Machine learning contributes to advances in surrogate end points for cardiovascular clinical trials

Photo in the lab by Akram Huseyn on Unsplash

One of the great challenges in improving health in old age is measuring how well someone is ageing. An individual who is “aging well” will be less likely to get ill than someone of the same age who is “aging badly”. UK SPINE wants to develop new medicines that will help people age well and make them less likely to get ill. But how do you measure this?

In a recently published Science Translational Medicine article, Williams et al. describe a new test, developed by SomaLogic, which will predict how likely an individual is to experience certain health conditions within the next four years. This could help shorten cardiovascular disease clinical trials, enhance the cost-effectiveness of drug prescribing and improve outcomes for patients.

As also reported in The Guardian, the blood plasma test uses machine learning to produce a signature of 27 proteins which can be used to predict the four-year likelihood of heart attack, stroke, heart failure or death.

While currently risk scores are based on age, sex, race, medical history, cholesterol and blood pressure, the SomaLogic test, as validated in 11,609 individuals, is twice as accurate at predicting risk of cardiovascular issues. The results from the test indicate allows categorisation of people from high risk to low risk, with the generation of a percentage likelihood of suffering an adverse cardiovascular event in the subsequent four years.

The test contributes to advancing personalised medical practices, where patients are treated in line with their risk factors, thereby contributing to cost effectiveness, as well as providing a method by which the efficacy of a drug can be assessed during treatment protocol. In addition, there is potential for the test to be used as a surrogate endpoint in clinical trials, thereby reducing the duration of drug development.
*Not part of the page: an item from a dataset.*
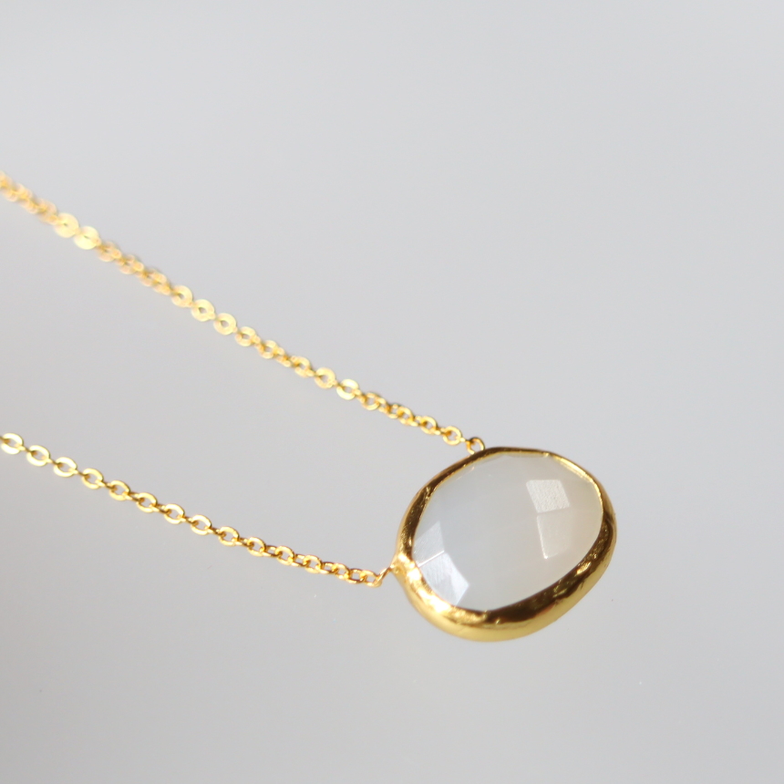 ホワイトカルセドニー 横型オーバルネックレス 22KGP アルサメイア 天然石ひと粒ペンダント

UK SPINE is aiming to develop new medicines that can improve health in old age. We are currently working on a similar blood test that would tell us if an existing class of drugs called bisphosphonates can reduce the chance of people getting ill as they age. We are comparing blood from patients who have taken bisphosphonates to those who haven’t to see if we can find a protein signature that may indicate improved health.

In our quest to discover and bring to market therapeutics to treat and prevent multiple long term conditions, we recognise a major barrier to be the availability of clinically relevant endpoints which can facilitate trials in this area. We therefore welcome this announcement and are excited about the potential role tests such as this can play in the drug development process.